How to Record Your NPN on SEP Enrollments

How to Record Your NPN on SEP Enrollments

When helping clients enroll through a special enrollment period (SEP), be sure your National Producer Number (NPN) is recorded on the eligibility portion of your client’s Marketplace application. Your NPN must be recorded so the qualified health plan (QHP) issuer can identify you as the assisting agent or broker. Even if your client’s QHP issuer doesn’t compensate agents and brokers for SEP enrollments, your NPN will persist on the client’s application and be pre-populated when your client re-enrolls during the next Open Enrollment period (whether actively or passively). The issuer may then pay commissions for the coverage renewal, in accordance with applicable laws and requirements.

New Marketplace Enrollees Using the Marketplace Pathway

  • On the regular Marketplace application, your client should enter your Federally-facilitated Marketplace (FFM) User ID and NPN when prompted to indicate that you helped, as shown below.
  • In the Streamlined Application, your client should check the “Another person is helping me” box to enter your NPN.
  • If your client doesn’t enter your correct NPN, you may not get credit for the enrollment.

Clients Must File and Reconcile Taxes to Get APTC

Consumers who used advance payments of the premium tax credit (APTC) in the past won’t continue to be eligible if the household didn’t file a federal income tax return and reconcile the APTC for the year it was paid. Households that received APTC in a past year, but whose tax filer didn’t file a federal income tax return and reconcile past APTC, are flagged by the Internal Revenue Service (IRS) for “failure to file and reconcile” (FTR). This happens when the Marketplace requests updated tax data to compute eligibility for APTC for current and upcoming coverage years.

For the 2018 Open Enrollment period, the IRS provided information to the Marketplace about consumers for whom the tax filer either did not file a tax return for a prior year in which APTC was paid for a member of the tax filer’s household, or did file a tax return but failed to reconcile the APTC paid for that year. In February 2018, the Marketplace sent two FTR warning notices that encouraged consumers to make sure they filed and reconciled taxes for 2016, or risk losing their APTC. One notice was mailed to the tax filer, and one notice was addressed to the household’s Marketplace application contact (in most cases, this was the same as the tax filer).

What you can do:

  • Make sure clients know they could lose their APTC if their household didn’t reconcile past APTC using IRS Form 8962, even if they filed 2016 taxes. These tax filers must amend their 2016 tax returns and complete IRS Form 8962 to reconcile their past APTC.
  • Encourage clients who received APTC in 2016 to file (or amend) their 2016 federal income taxes and reconcile their APTC as soon as possible, even if they missed the tax filing deadline or are within their filing extension period. Refer clients to this guide for more information.
  • Remind clients that even if they usually don’t have to file an income tax return, they must file a return for any year they received APTC to maintain their eligibility.
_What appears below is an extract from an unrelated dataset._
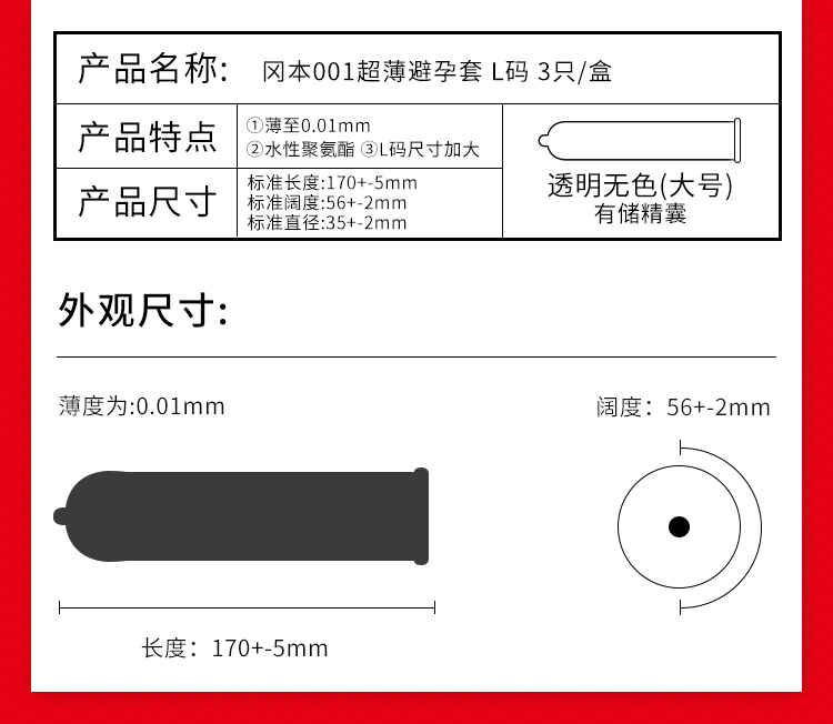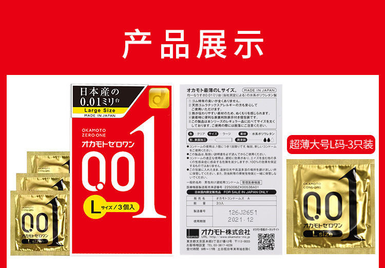冈本001避孕套安全套超薄大号L码3只男女用套套成人情趣计生用品进口

Some Clients May Need to Submit Documentation

Consumers who apply for Marketplace coverage must provide and confirm their eligibility information. If the information they provide is incorrect, missing, or inconsistent with existing records, they may be asked to submit confirmation documents. Consumers may also be asked to submit documents to confirm life events that make them eligible for a Special Enrollment Period (SEP).
Consumers who don’t provide acceptable documents by Marketplace deadlines risk losing their eligibility to enroll in coverage or get financial assistance.
Follow these four steps to help your clients submit acceptable documents:

  1. Have clients check whether their Marketplace eligibility determination notice (EDN) says “Send the Marketplace more information,” or the Application Details section of their Marketplace account says, “Temporary eligibility.”
  2. Help clients go back to their Marketplace application to confirm the information they included is complete and correct, and to update the application if necessary.
  3. Confirm which documents clients need to submit by having them check their EDN and any other notices they received.
  4. Help clients submit their documents online. Have them enter their Marketplace account, click My Account, select Application Details, select Verify, and then select the drop-down Document Types menu. Your clients may also submit documents by mail.
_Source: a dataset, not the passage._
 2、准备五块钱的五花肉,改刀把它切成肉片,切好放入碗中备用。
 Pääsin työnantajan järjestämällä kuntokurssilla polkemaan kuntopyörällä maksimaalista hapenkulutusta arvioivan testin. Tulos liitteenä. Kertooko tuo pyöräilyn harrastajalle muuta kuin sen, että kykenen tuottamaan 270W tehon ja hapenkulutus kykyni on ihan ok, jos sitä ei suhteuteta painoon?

Click this link to learn more about how you can help your clients prevent and resolve DMIs.

FAQ Spotlight: NPNs

Find additional FAQs in the FAQ database at www.REGTAP.info.
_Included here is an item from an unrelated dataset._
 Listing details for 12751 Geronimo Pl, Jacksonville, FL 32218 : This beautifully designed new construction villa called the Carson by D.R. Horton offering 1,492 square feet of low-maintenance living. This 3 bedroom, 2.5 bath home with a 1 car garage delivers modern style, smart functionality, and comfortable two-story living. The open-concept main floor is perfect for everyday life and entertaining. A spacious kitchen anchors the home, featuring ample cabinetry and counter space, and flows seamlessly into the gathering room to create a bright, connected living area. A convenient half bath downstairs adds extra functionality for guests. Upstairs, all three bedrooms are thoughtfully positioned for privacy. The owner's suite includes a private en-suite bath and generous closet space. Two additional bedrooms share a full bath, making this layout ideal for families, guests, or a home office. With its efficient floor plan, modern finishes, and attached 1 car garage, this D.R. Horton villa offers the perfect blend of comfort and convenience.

If an agent or broker is licensed in multiple states but doesn’t have a line of authority (LOA) in one of those states, how will that impact the agent or broker’s NPN listing on Find Local Help (FLH)? Answer: Agents and brokers should have a single NPN. A lapsed or expired LOA would impact the FLH display for that particular state. For example: if an agent or broker is licensed in a residence state of New York and licensed in Florida and Pennsylvania, but has a bad LOA or expired Pennsylvania license, the FLH would show that the agent or broker is a multi-Agent, multi-state licensed agent/broker in the states of New York and Florida only.